A) Scheme of the VS‐PEI approach employed for the fabrication of the SARS‐CoV‐2 S1 protein biosensors. B) I _DS relative change for a VS‐PEI‐MAb‐GFET upon the addition of increasing spike protein concentrations (V _DS = 50 mV, V _GS = −250 mV, PBS ×0.1 at pH 7.4). C) Results obtained from the selectivity assay employing the spike MERS protein compared with SARS‐CoV2. D) Change in the SPR angle upon flowing spike solution through the SPR cell for a VS‐PEI‐modified SPR sensor and scheme of the SPR measurement setup. E) I _DS relative change comparing both approaches (n = 2). F) Relative changes in I _DS as a function of the SARS‐CoV‐2 spike protein surface mass density obtained from SPR measurements for both strategies. G) SARS‐CoV‐2 S1 detection results in spiked nasopharyngeal swab samples (error corresponds to three independent measurements).

Figure 5

A) Scheme of the fabrication of ferritin biosensors, by VS‐PEI (left) and PBSE (right) approaches. B) Relative change in I _DS for a MAb‐VS‐PEI‐GFET upon the addition of different ferritin concentrations (V _DS = 50 mV, V _GS = −250 mV, HEPES buffer ×0.1 at pH 7.4). C) Results obtained for the two different approaches (n = 2).
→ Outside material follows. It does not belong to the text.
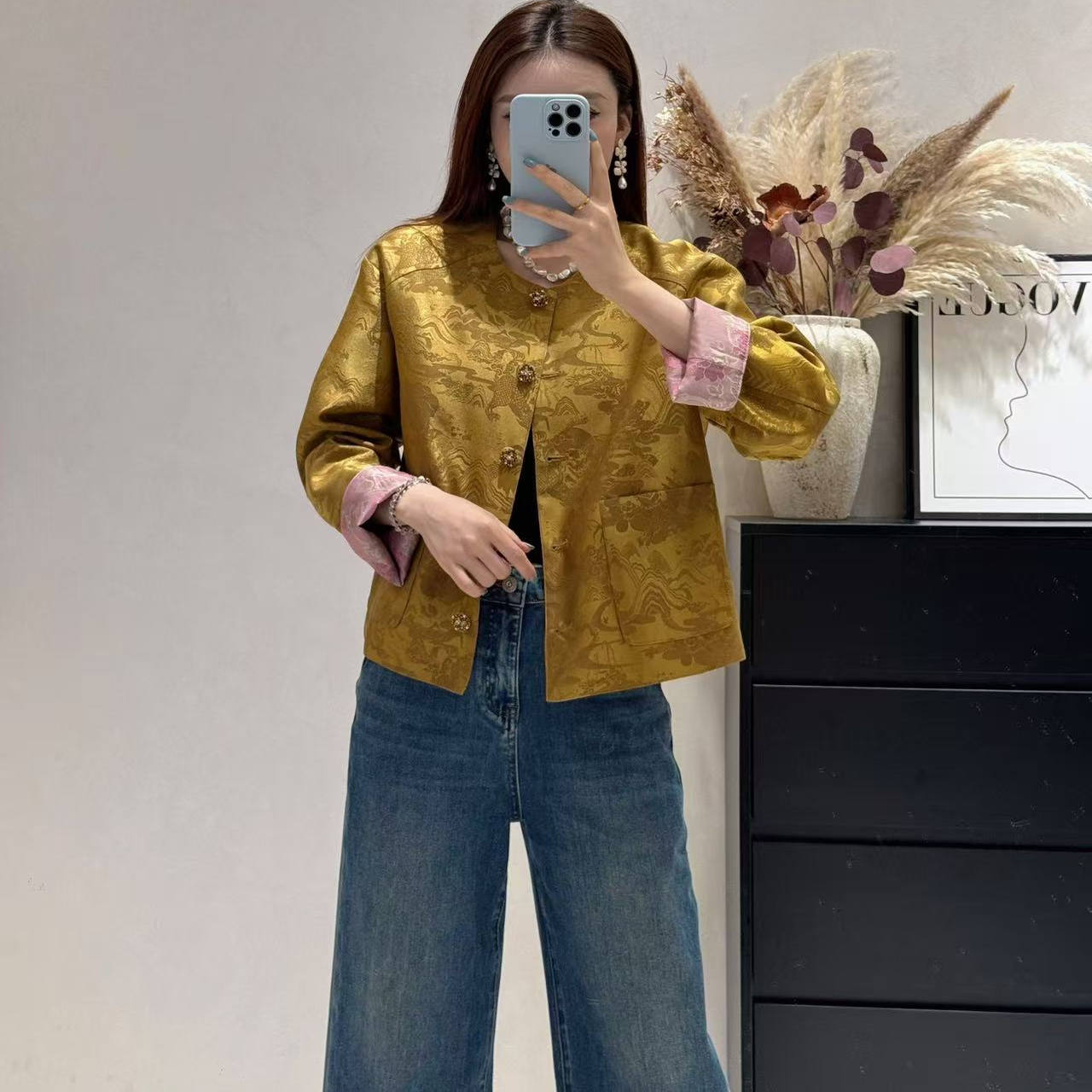 欧货新中式国风缎面外套女淳秋季高级感提花刺绣唐装上衣时髦气质

D) Relative changes in I _DS for deposited ferritin surface mass density obtained from SPR measurements for both strategies. E) Specificity experiment for ferritin sensing by BSA and mAb‐modified GFETs.

Figure 6

A) Comparison of obtained K _D values from fittings of the SPR data and the data obtained with FETs. B) Comparison of the slopes obtained with both approaches for the different systems evaluated; and a scheme of the main features presented in the biosensors that use VS‐PEI nanoscaffolds. The error bars correspond to the values obtained from the fitting.